Le délégué au Réseau national de sécurité se dit frappé de voir qu'aujourd'hui les citoyens s'interrogent pour savoir s'ils ont une place dans un abri protégé. "Peut-être que le même citoyen, il y a cinq ans, doutait de la nécessité de disposer de tels abris", relève-t-il en soulignant qu'on "s'inquiète aussi de savoir si on a des pastilles d'iode".

Il y avait 30 conflits majeurs dans le reste du monde l'année dernière, ajoute encore le Monsieur sécurité de la Confédération. "La notion de guerre n'avait pas disparu, on a connu de grands conflits sur les 30-40 dernières années. La guerre n'a jamais disparu, mais c'est sa proximité aujourd'hui qui rend la chose un peu différente".

Un scénario catastrophe improbable il y a dix ans

Et ce conflit remet en question les fondamentaux de notre sécurité comme la neutralité, la paix ou la place de l’armée. Pourtant, sur une décennie de travail du réseau, on a vu le terrorisme en Europe, le développement des cyber-risques, la pandémie et une guerre en Europe. "Il y a dix ans, ça aurait paru comme un scénario catastrophe improbable", constate André Duvillard. "La leçon qu'on doit tirer de tout ça aujourd'hui, c'est qu'on doit être prêts à ces différents risques et dangers".

Or, ajoute-t-il, on voit aussi l'empressement du politique à donner des moyens supplémentaires à l'armée mais il y a quelques années on préférait réduire ces moyens. Je pense qu'il faut éviter de prendre des décisions à court terme, il faut vraiment garder en perspective les risques et dangers".

Pour l'avenir, celui qui va passer le témoin prochainement à Martin von Muralt estime que la notion d'anticipation est extrêmement importante. "Je pense que c'est quelque chose sur lequel on doit travailler. On sait que le monde politique est plutôt dans le réactif, c'est aux experts de faire ce travail d'anticipation".

>> Lire : Martin von Muralt prend la tête du Réseau national de sécurité

"On doit mieux expliquer ce qu'est la sécurité, y compris aux jeunes.

André Duvillard

Pour André Duvillard, il y a aussi un gros travail à faire avec la population. "On doit développer les notions de résilience", dit-il, "on doit mieux expliquer ce qu'est la sécurité, y compris aux jeunes.
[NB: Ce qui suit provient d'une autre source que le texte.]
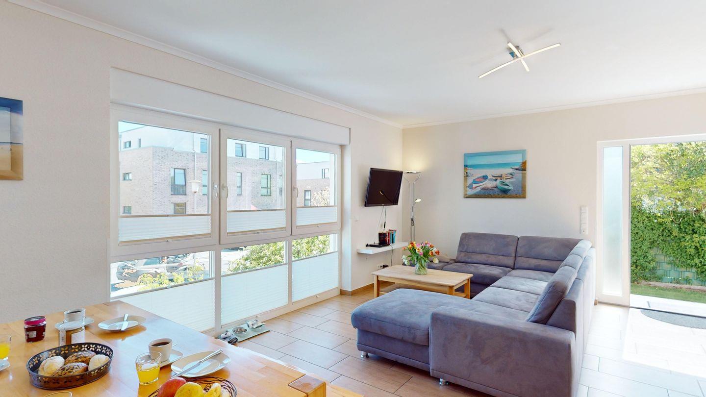 Die Wohnung befindet sich im Hochparterre und verfügt über drei separate Schlafzimmer (2x Doppelbett, 2 Einzelbetten), eine vollständig ausgestattete Einbauküche, ein helles Duschbad mit WC und einen gemütlichen Wohn- und Essbereich.

On a tendance à zapper ces sujets-là, mais on voit aujourd'hui, avec la palette des risques et dangers, qu'il serait bon de développer cette approche pédagogique sur la sécurité".

"La pandémie a joué le rôle de 'réveil-matin' sur un certain nombre d'aspects", relève encore le Neuchâtelois. "La notion de gestion de crise est extrêmement importante. Il faut augmenter les préparatifs en termes de management de crise".

L'autre aspect est la coordination entre la Confédération et les cantons: "Se préparer à la crise, ça veut aussi dire s'exercer. En 2014, le Réseau national de sécurité relançait les grands exercices, avec deux thèmes: la pandémie et le black-out. Donc en 2014, on était à peu près dans l'actualité".

La sécurité en Suisse est un peu une grande complication.

André Duvillard

Reste que le fédéralisme helvétique complique encore la donne. "La sécurité en Suisse est un peu une grande complication, si vous me permettez cette image horlogère, avec de nombreuses pièces", illustre le délégué. "Il y a eu au cours des 50 dernières années de nombreuses tentatives d'avoir une meilleure coordination (…) Le Réseau national de sécurité a eu le mérite d'aller au-delà de sa phase pilote, de créer véritablement un état d'esprit. Mais si vous voulez avoir une structure un peu plus visible, avec de véritables compétences, c'est toujours extrêmement difficile".

André Duvillard estime donc qu'il faut construire sur l'existant. "Mon successeur aura pour mission de développer ce réseau, de combler peut-être certaines lacunes et de répondre à de nouveaux enjeux, parce que les choses évoluent très rapidement".